Zwar hatte die Beklagte die Klägerin nicht - wie es nach § 24 Abs 1 SGB X geboten gewesen wäre - vor Erlass des Bescheides vom 12.9.2007 im erforderlichen Umfang angehört und die Anhörung auch weder
im Widerspruchsverfahren noch im Widerspruchsbescheid nachgeholt. Dies hat der erkennende Senat mit bindender Wirkung (§
170 Abs
5 SGG) für die Beteiligten und das Gericht bereits entschieden (BSG Urteil vom 20.12.2012 - B 10 LW 2/11 R - SozR 4-5868 § 12 Nr 1; zur Selbstbindung des Revisionsgerichts vgl BSG Urteil vom 25.10.1990 - 12 RK 19/90 - SozR 3-1500
SGG §
170 Nr 1).
Die Beklagte hat die erforderliche Anhörung aber nunmehr im wiedereröffneten Berufungsverfahren wirksam nachgeholt. Wie sich
aus den tatsächlichen, mit durchgreifenden Revisionsrügen nicht angegriffenen Feststellungen des LSG (§
163 SGG) ergibt, hat die Beklagte im Laufe des wiedereröffneten Berufungsverfahrens das erforderliche Anhörungsverfahren mit Schreiben
vom 10.5.2013 in Gang gesetzt und mit Schreiben vom 18.5.2015 abgeschlossen. Die rechtliche Beurteilung des LSG, damit habe
die Beklagte in jeder Hinsicht den formellen und inhaltlichen Anforderungen genügt, die an eine im Gerichtsverfahren nachgeholte
Anhörung zu stellen sind, ist revisionsrechtlich nicht zu beanstanden (zu diesen Anforderungen vgl BSG Urteil vom 23.1.2008 - B 10 LW 1/07 R - SozR 3-5868 § 3 Nr 3; BSG Urteil vom 9.11.2010 - B 4 AS 37/09 R - SozR 4-1300 § 41 Nr 2 RdNr 14 f). Diese Beurteilung wird insoweit auch von den Beteiligten nicht infrage gestellt.

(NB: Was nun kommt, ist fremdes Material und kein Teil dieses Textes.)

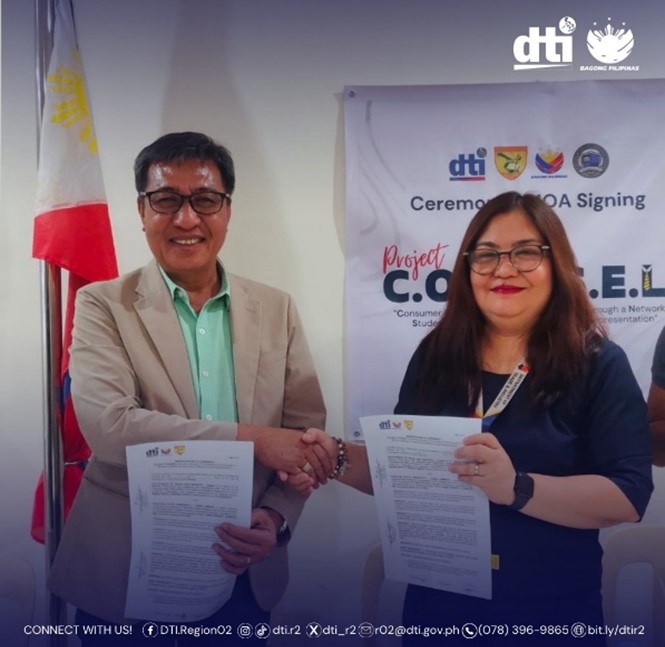 Regional Director Ma. Sofia G. Narag, CESO V and Campus Executive Officer Engr. Roger P. Rumpon, representing the Department of Trade and Industry (DTI) Region 2 and Cagayan State University (CSU) Carig Campus, respectively, signed the Memorandum of Agreement during the launching of the “Project C.O.U.N.S.E.L.: Consumer Outreach for Unassisted Parties through a Network of Student Practitioners for Effective Legal Representation” on 29 August 2024 at the DTI R2 Negosyo Center, Carig Sur, Tuguegarao City.

Entgegen der Ansicht der Klägerin war die Nachholung der Anhörung im wiedereröffneten Berufungsverfahren auch in zeitlicher
Hinsicht wirksam. Denn § 41 Abs 2 SGB X ist auch anwendbar, wenn das LSG die letzte Tatsacheninstanz zwar zunächst mit einer Endentscheidung abschließt, sich dieser
Abschluss der Tatsacheninstanz aber nicht als dauerhaft erweist, sondern das Revisionsgericht die Sache (zumindest noch aus
einem anderen Grund als dem der unterbliebenen Anhörung) an das LSG zurückverweist.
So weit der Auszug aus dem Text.